WANETA LAKE—Racing is popular in the area, but winter must be a quiet time of the year for racing enthusiasts, right?
Wrong.
This past weekend close to 15 cars raced on a frozen Waneta Lake. It was a Central New York Ice Racing Association event, held both Saturday and Sunday. Snow was plowed to create a race track just over a mile long.
Drivers came from Geneva, the Syracuse area, Ithaca, near Rochester, and even Watkins Glen. Just like any other race, the cars were numbered. However, some of the drivers used everyday cars but with special tires and numbers made out of tape or cut out construction paper stuck to the windows.
“It’s the least expensive wheel to wheel racing you can do,” said Bruce Coulombe, Watkins Glen resident. He added he’s been doing this for a couple of years.
“It’s something to do in the winter. I live in the city,” said Geneva resident Leo Fenner. “I wait all summer praying for ice.”
Fenner was joined by his co-driver, Cullen Noonen. Fenner said he’s been doing ice racing for six years, but doesn’t participate in any other form of racing.
Waneta Lake met the CNYIRA’s minimum ice thickness of 12 inches. Ice races are held all over central New York, including Oneida Lake at Maple Bay, Sylvan Beach, Bernhard’s Bay, Valentine’s Beach, Sandy Pond and Honeoye Lake. CNYIRA keeps track of the various lakes’ conditions on its Web site.
According to the New York State Department of Environmental Conservation, safe ice is the number one consideration when going onto a frozen body of water. The DEC says people need to use caution even when on a frozen, nonmoving body of water with a verified ice thickness. Schuyler County Undersheriff Breck Spaulding said ice is never 100 percent safe.

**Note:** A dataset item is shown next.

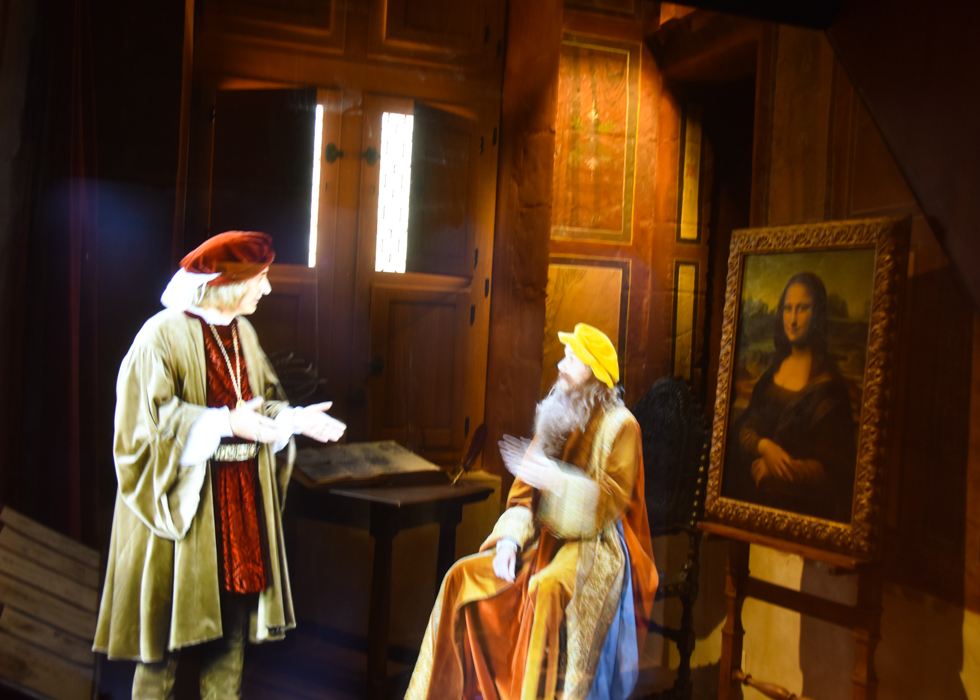 ภายในห้องสตูดิโอ มีการจัดแสดงด้วยเทคโนโลยี ''Peber Ghost'' หรือ การใช้โปรเจคเตอร์ฉายภาพเสมือนจริงดังเช่นในรูปด้านบน ด้วยเทคโนโลยีนี้ ผู้ที่มาเยี่ยมชมจะได้ทำความเข้าใจกับเรื่องราวชีวิตของดาวินชีมากขึ้น การแสดงภาพเสมือนจริงในสตูดิโอคือ ภาพเลียนแบบการนำเสนอผลงาน The Mona Lisa, The Virgin and Child and Saint. Anne และ St. John the Baptist ต่อหน้า ขุนนางแห่งราชอาณาจักรอารากอน (Aragon)

“The Waneta Lake and the Waneta Inn might be called our best lake to visit. The people are great and the Inn works with us,” said CNYIRA President Tim O’Brien. “It might be called our ‘home’ lake, but we do try to spread the events across central New York so that everyone does not have to travel so far.”
There are even classes in ice racing. At Waneta Lake this past weekend there were three: prepared tire (Menard) class, street legal class, and open classes.
“It’s a good way to improve your driving skills,” said Ray Hopkins of Spencerport who has been ice racing for 15 years.
He said you need a good lake, which Waneta Lake is. Hopkins added a driver can add bolts or dry wall screws to tires to give them traction. Racers can even buy special tires for ice racing. Racers can go up to 70 miles per hour on the Waneta Lake course.
“You don’t need a pit crew,” said Ithaca’s Casey Creamer. He reiterated it improves winter and rainy driving skills.
Ed Tucker from Cato said the only downside was it required him to get up too early, for a weekend. The race on Saturday got started before 10:30 a.m., but the course needed to be plowed before that. Most of the racers were there early prepping the cars.
Despite the earliness required, Tucker added, “I think it’s the most fun.”